Орес и Гар тут же затеяли игру в снежки, к ним моментально присоединилась Унара, затем Вера с Соней, а через пять минут снежками кидались уже все, причем самым метким оказался, как это ни странно, Феликс — после его атак каждый атакуемый был вынужден вытряхивать снег из-за шиворота. Янина кидаться снежками стеснялась, но в охотку лепила снежки для сражающихся, и укладывала их пирамидками, тут и там. Таенн сбегал в дом, и приволок оттуда объемистую пачку бенгальских огней, и вскоре все, забыв про снежную баталию, уже стояли с этими огнями в руках, и Айрин на секунду показалось, что во двор ее дома упали самые настоящие звезды, и висят над самой землей, разбрызгивая длинные, лучистые искры.
— …Уф, здорово душу отвели, — сообщил Гар, когда они раздевались в прихожей. — Давно я так… не отрывался. Блин, теперь ноги мокрые.
— Высохнешь, — пообещал Полосатый. — Ты мне зачем снег в капюшон сунул?
— Хотел посмотреть на выражения твоего лица.
— Ну и как?
— Шикарно! Полосатый, ты, когда сердишься, просто великолепен! — заверил Гар. — Я и не знал до этого, что ты умеешь сердиться. А ты, оказывается, умеешь. Да еще как.
— Вот пойдем в следующий раз на улицу, я тебе тоже что-нибудь в капюшон положу, — пообещал Полосатый. — Будешь у меня знать…
— Ладно вам, ладно, — вмешался Феликс, аккуратно влезая между спорщиками. — Мир и дружба, мальчики.
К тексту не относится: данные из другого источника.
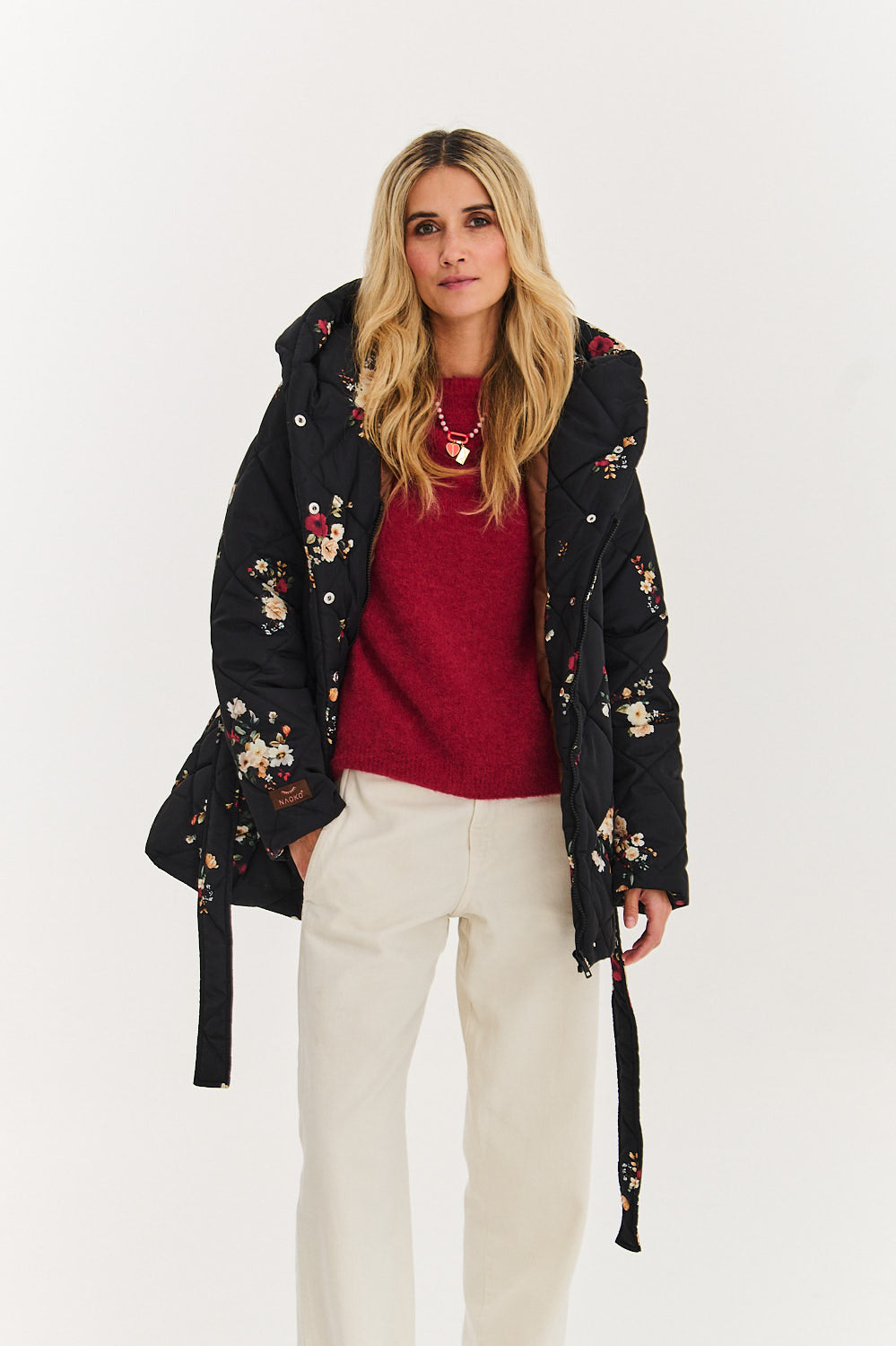 Kurtka Anabelle Midnight Flora to propozycja dla miłośniczek ponadczasowej elegancji z nutą retro. Model o kroju parki z kapturem zachwyca deseniem – delikatnymi kwiatami rozsianymi na głębokiej czerni. Kontrastowa, brązowa podszewka w kapturze dodaje ciepła.
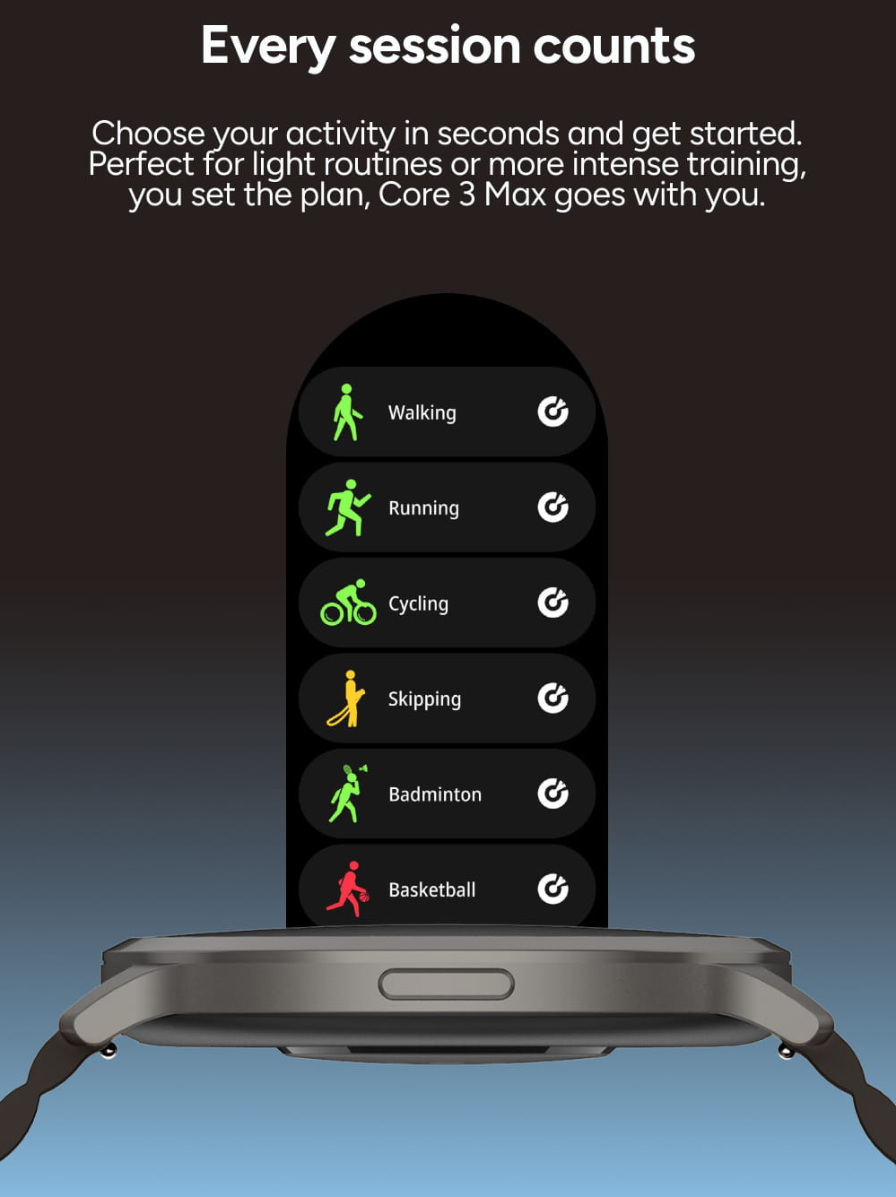 S KSIX Core 3 Max máte svůj progres pod neustálou kontrolou. Hodinky jsou připraveny na lehké ranní protažení i intenzivní sportovní trénink podle vašeho vlastního plánu. Stačí pár sekund na výběr aktivity a můžete se okamžitě pustit do zdolávání svých cílů.
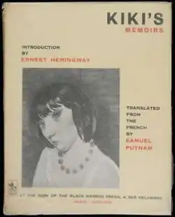 Translated from the French by Samuel Putnam, and published in Manhattan by Black Manikin Press, her memoirs are a lively account of the bohemian lifestyle typical among the artists in Paris during the 1920s, with an introduction provided by Ernest Hemingway. She tells of her encounters with Man Ray, Tsuguharu Foujita, Moïse Kisling, Jean Cocteau, Kees van Dongen, Chaïm Soutine, and others. The memoirs were first published in English in 1930, but due to their sometimes explicit content, were banned in the United States until the 1970s.

— Ты вообще молчи, снайпер, — прочувствованно сказал Гар. — Если бы мы были живые, я бы ходил с двумя подбитыми глазами. Благодаря тебе.
— Правда, Феликс, как ты так ловко кидаешься? — спросила Айрин.
— Я же тебе говорил, — усмехнулся тот в ответ. — Я просто правильно прикладываю усилие. Не туда, куда кажется правильным, а туда, куда нужно.
— Но к снежкам ты руками прикасался, — поддела его Айрин.
— Это пустая формальность, — возразил Феликс. — Ух, что-то я замерз. Пойдемте скорее греться. Таенн, Айрин, я бесконечно вам благодарен. Чудесная идея, просто самая что ни на есть расчудесная. Жаль, что мы редко объединяемся. Вот если бы собрать человек пятьсот, да заморозить море… Впрочем, сейчас это неважно. Сейчас всё неважно. Какая чудесная ночь…
— Двадцать минут осталось. Так, нужно сделать телевизор погромче, — предложил Таенн. — Мне говорили, что обязательно нужен телевизор.
— Кто тебе это сказал? — удивилась Соня.
— Кто надо, тот и сказал. Нужен телевизор, и кто-то, кто будет по нему обещать, что в следующем году всё будет хорошо, — объяснил Таенн. — Поскольку у нас такого нет… обещателя… пришлось его сгенерировать. Он у нас будет, но туманный.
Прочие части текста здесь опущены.